長い脚を使って沼や池、水たまりなどの上をスイスイと自在に動き回るアメンボ。沈まずに浮くのは水の表面張力を利用しているためだ。そんなアメンボをモデルにした2種類の水面移動ロボットを工学院大学の三浦宏文・学長、高信英明・准教授、鈴木健司・准教授らが開発した。油による海の汚染のセンサーや玩具などへの応用が期待できる。
【1円玉が浮かぶ感覚】
「1円玉がそっと浮いているようなもの」。水の表面張力を利用し、脚の先だけを水面上に 浮かべるアメンボについて、高信准教授はこう例える。

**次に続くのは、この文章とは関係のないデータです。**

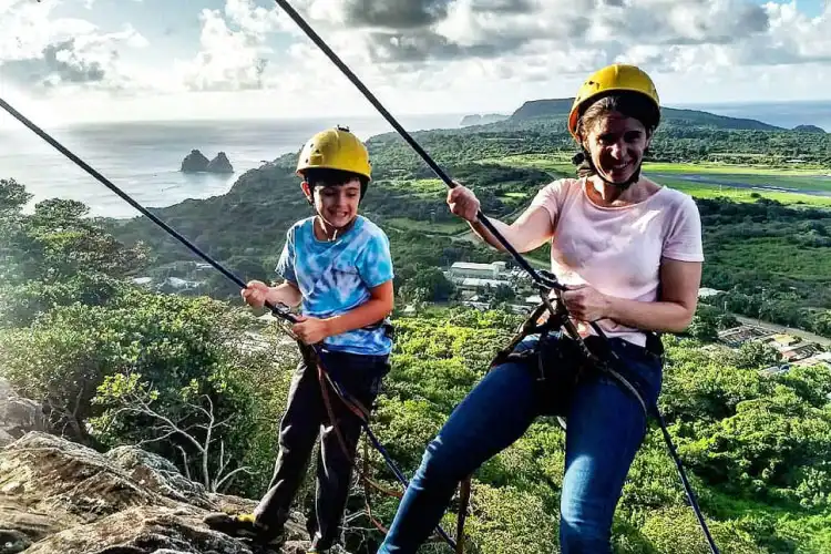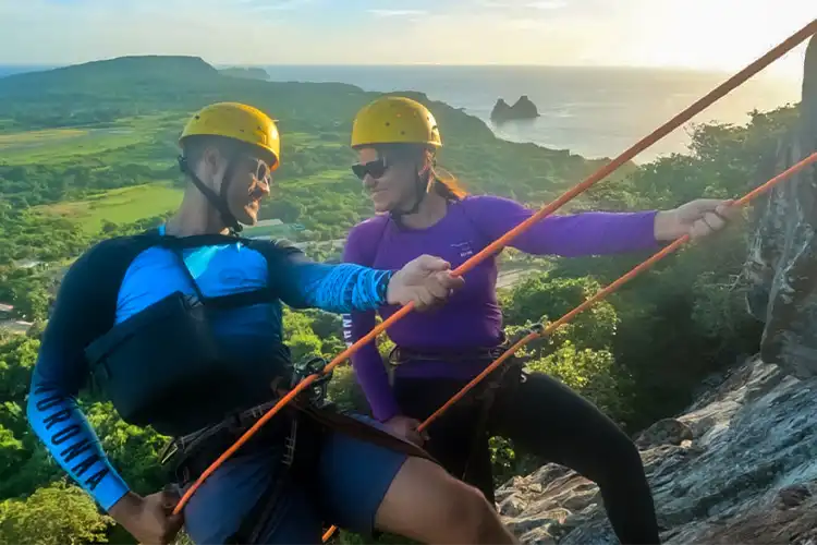 Trilha interpretativa de 1km até o topo do Morro do Piquinho, com parada para contemplação e vista panorâmica de todo o Arquipélago. Descida de Rapel de 50 metros e contemplação do pôr do sol
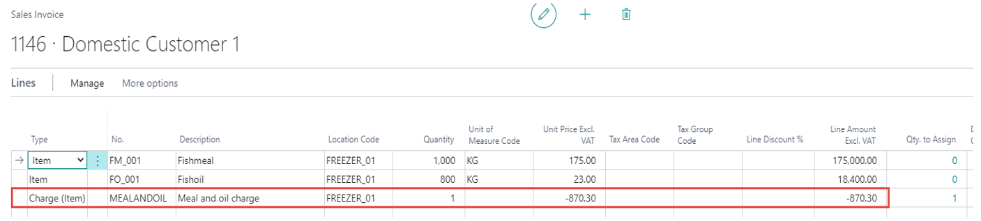 After the discount has been setup and calculated the delivery agreement is released and a posting document is created as with a normal delivery agreement. The sales invoice that is created will include the item lines from the agreement as well as an item charge, which contains the calculated discount from the Fish Meal and Oil tab. If the user is satisfied with the invoice it can now be posted.
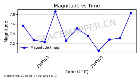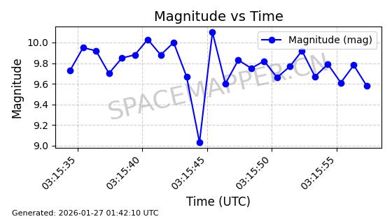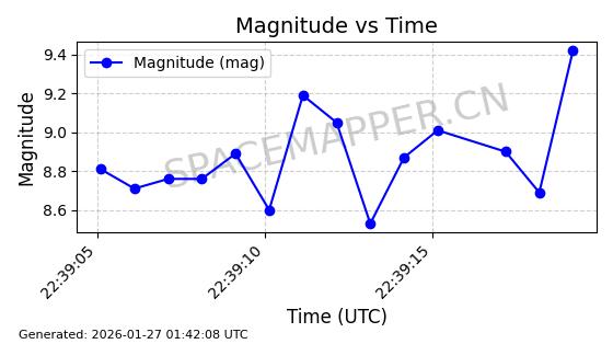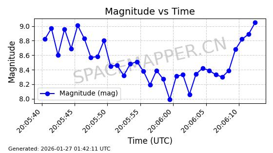 | TIANQI 17 | 64059 | 64059 | 2025-05-19 同日期轨道 2025-105B 同批次轨道 | 在轨 | 103分钟 | 44.9805 | 889.709 | 904.141 | 0.0009918 | 2026-01-27 01:06:05 | ![]() | |
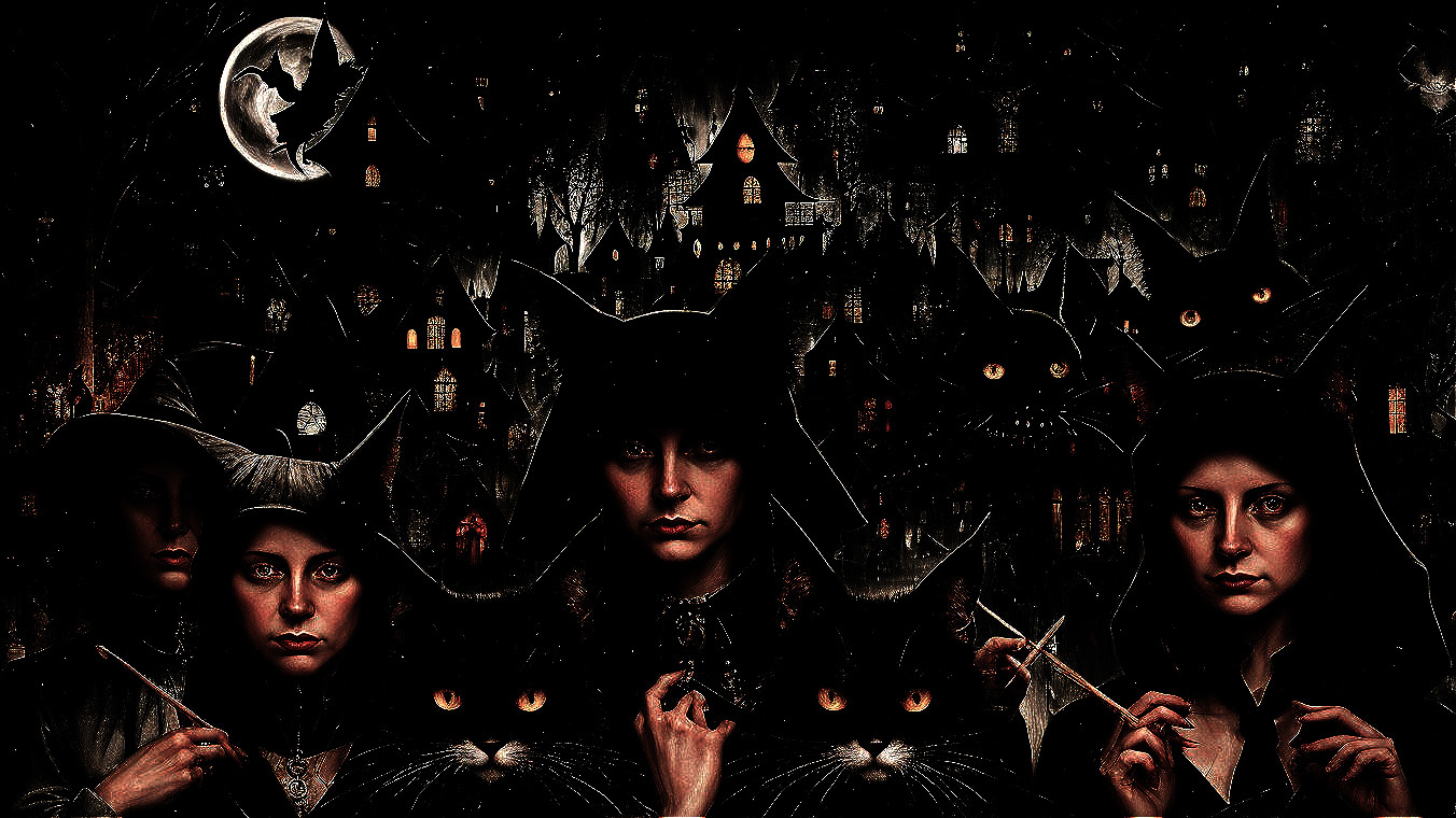 The image features a haunting scene with four women in dark cloaks, each accompanied by a large black cat. The backdrop shows a moonlit, eerie village with glowing windows, enhancing the mystical atmosphere.
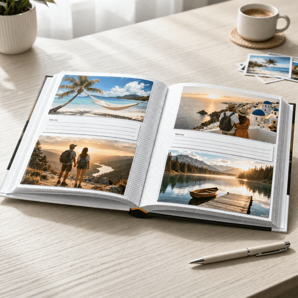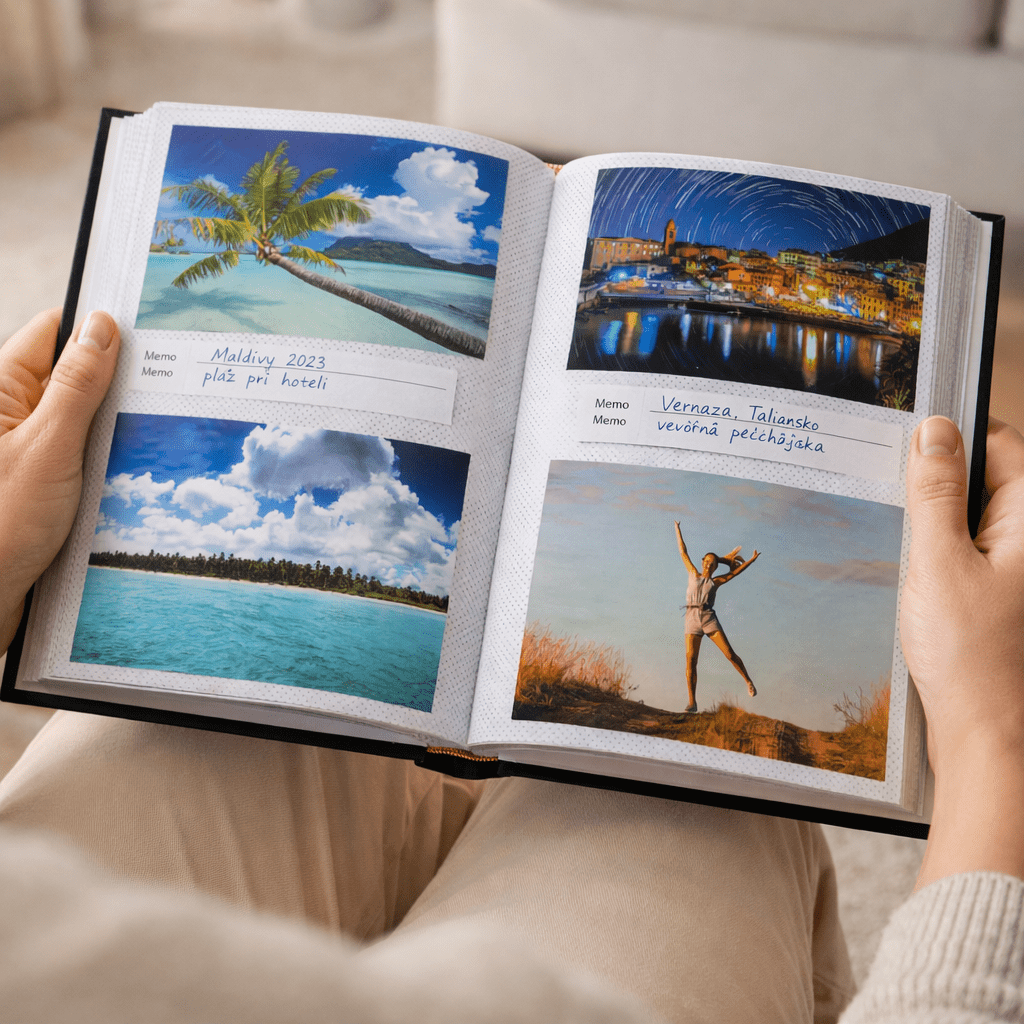 Tento typ albumu sa hodí na dovolenkové fotografie, rodinné spomienky, výlety aj bežné momenty zo života. Vďaka neutrálnejšiemu prevedeniu nepôsobí príliš tematicky, takže je vhodný aj ako darček pre blízkych.

アメンボには6本の脚があり、前脚と後脚で体を支える。中脚はボートのオールのような役割を果たし、楕円(だえん)軌道を描いて水表面をかき、移動する。研究室での観察によると、滑るような移動とジャンプするような移動の2種類があるという。
脚の先は浮きやすくできている。無数の細かい毛が生えていて、毛の間から油を分泌して水をはじく。この脚の先で、水の表面張力を利用するため、アメンボは水面上にいられる。実際、水面に液体せっけんを注入して表面張力を弱めるとアメンボはおぼれてしまう。
研究ではまずアメンボの脚の先をまねてロボットの脚をつくった。一つはSU―8というエポキシ樹脂でつくった鋳型にシリコーンゴムの一種、PDMSを流し込んで「櫛(くし)形シール」をつくり、真ちゅうの表面にらせん状に巻きつけたもので、表面積を稼いで浮きやすくした。
【中脚を忠実に再現】
また真ちゅうにSU―8をコーティングした後、不要な個所を除去して表面に凸凹をつけた脚や、真ちゅうに直接エッチングして表面を凸凹にした脚もつくった。真ちゅう表面を凸凹にすることで撥水(はっすい)性が高まる。
いずれの脚も本物のアメンボの脚の先よりも浮きやすいことを実験で確かめ、これらの脚を用いてロボットの開発を進めた。
開発したロボットの一つは、アメンボの2本の中脚の動きを忠実に再現した。中脚で楕円軌道を描くため、蒸気機関車などで使われているクランク機構を採用した。ロボットは長さ25センチメートル、幅24センチメートル、高さ7センチメートルあり、重さは5・4グラム。PDMSを巻きつけた脚は長さが13・5センチメートルある。
本物のアメンボは最高で毎秒40センチメートル移動し、このとき1回水をかくのに0・16秒しかかからないという。開発したロボットの移動速度は平均で毎秒4センチメートル、最高で9センチメートル。1秒間で2回水をかいている。水を1回かくのに時間がかかるぶん、かく間にスピードが落ちている。また速度が本物のアメンボと隔たりがあるが、「ハの字型の前脚が抵抗になっているのでは」(高信准教授)とみている。
ほかにも、まっすぐにしか進めないなどの課題がある。これらを克服しようと、よりシンプルな形のロボットも開発した。機体の中央上部に振動モーターを1個だけ配置し、振動させると脚が揺れる仕組みだ。
長さの違う脚が6種類12本、機体中央から放射状についている。最も短い脚は7センチメートル、長い脚は9・5センチメートルだ。短い脚は速く、長い脚はゆっくり揺れる。この性質を利用し、振動モーターの揺れる周波数を任意に変えることで、どの脚を揺らせるかを制御できる。「モーターの回転数を変えるだけで行きたいところに行ける」(高信准教授)のだ。
【大きさ3cm目指す】
例えばまっすぐ進めたいときは進行方向からみて横の4本の脚を揺らせる。右に旋回するときは左の2本の脚を、左旋回では右の2本の脚を揺らせるといった具合だ。
このロボット全体の直径は約20センチメートルで、重さ7・85グラム。エッチングして凸凹にした真ちゅうの脚を使った。まっすぐ進むときの速度は毎秒約7センチメートル、左右に旋回するときの速度は毎秒5センチメートルだ。
応用はまず、油による海の汚染のセンサーが挙げられる。海の表面が油で汚染されたらロボットが沈むので目印になる。また子どものオモチャとしての用途も考えられるという。
高信准教授は「今後は小型化を図る。本物のアメンボは脚の長さを入れても3センチメートルぐらいのボディーなので、その大きさを目指している」と話す。